## TASK STATEMENT:
Repeat the lines from the line with "Верните варенье в" to the line with "Chávena e Pires" in the listing below, keeping both end lines and adding nothing.

## DATA SHOWN:
☆ ☆ ☆ ☆ ☆
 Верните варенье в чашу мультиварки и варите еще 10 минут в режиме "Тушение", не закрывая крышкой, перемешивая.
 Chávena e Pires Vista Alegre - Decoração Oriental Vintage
☆ ☆ ☆ ☆ ☆
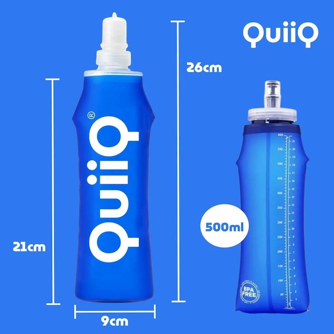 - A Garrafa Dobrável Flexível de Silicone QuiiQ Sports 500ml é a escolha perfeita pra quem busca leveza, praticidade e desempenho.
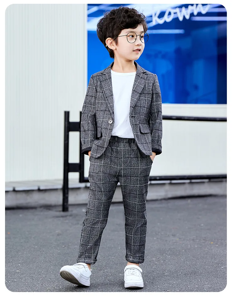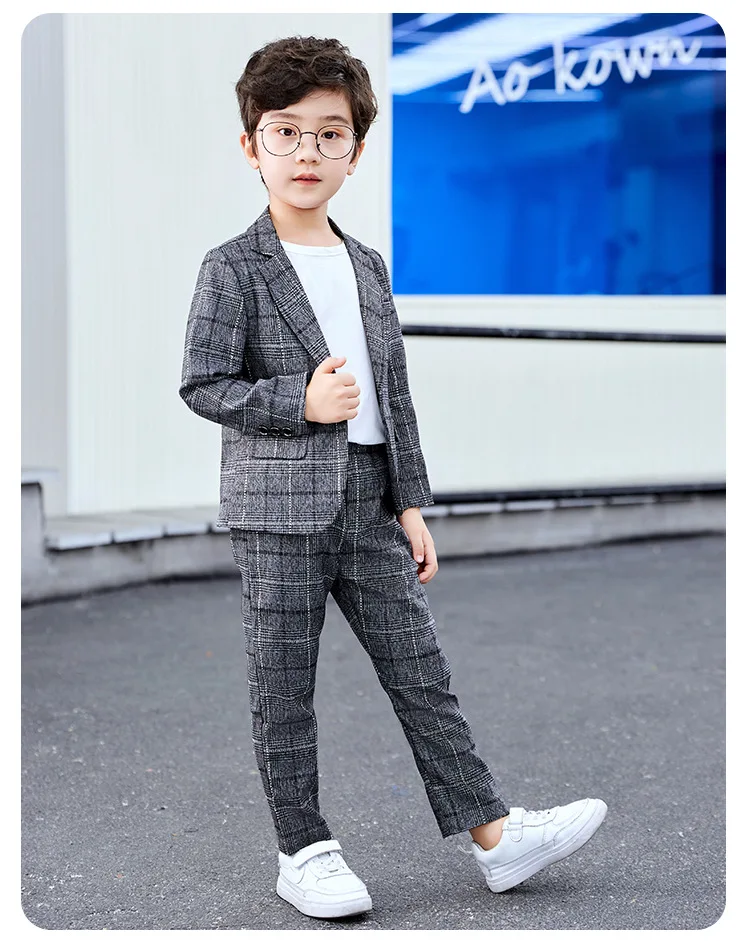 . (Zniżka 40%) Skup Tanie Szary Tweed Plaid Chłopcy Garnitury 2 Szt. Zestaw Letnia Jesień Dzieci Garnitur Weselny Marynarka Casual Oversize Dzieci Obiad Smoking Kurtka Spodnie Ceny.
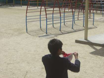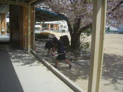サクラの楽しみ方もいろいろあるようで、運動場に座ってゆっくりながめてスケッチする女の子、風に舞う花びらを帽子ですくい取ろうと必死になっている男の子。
☆ ☆ ☆ ☆ ☆
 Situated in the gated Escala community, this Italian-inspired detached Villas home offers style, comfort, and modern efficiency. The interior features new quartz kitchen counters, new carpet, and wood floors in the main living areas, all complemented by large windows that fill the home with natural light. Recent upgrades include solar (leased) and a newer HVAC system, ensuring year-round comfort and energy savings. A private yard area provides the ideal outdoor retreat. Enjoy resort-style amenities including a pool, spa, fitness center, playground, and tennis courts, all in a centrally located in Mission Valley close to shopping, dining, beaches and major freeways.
☆ ☆ ☆ ☆ ☆
## TASK ANSWER:
 Верните варенье в чашу мультиварки и варите еще 10 минут в режиме "Тушение", не закрывая крышкой, перемешивая.
 Chávena e Pires Vista Alegre - Decoração Oriental Vintage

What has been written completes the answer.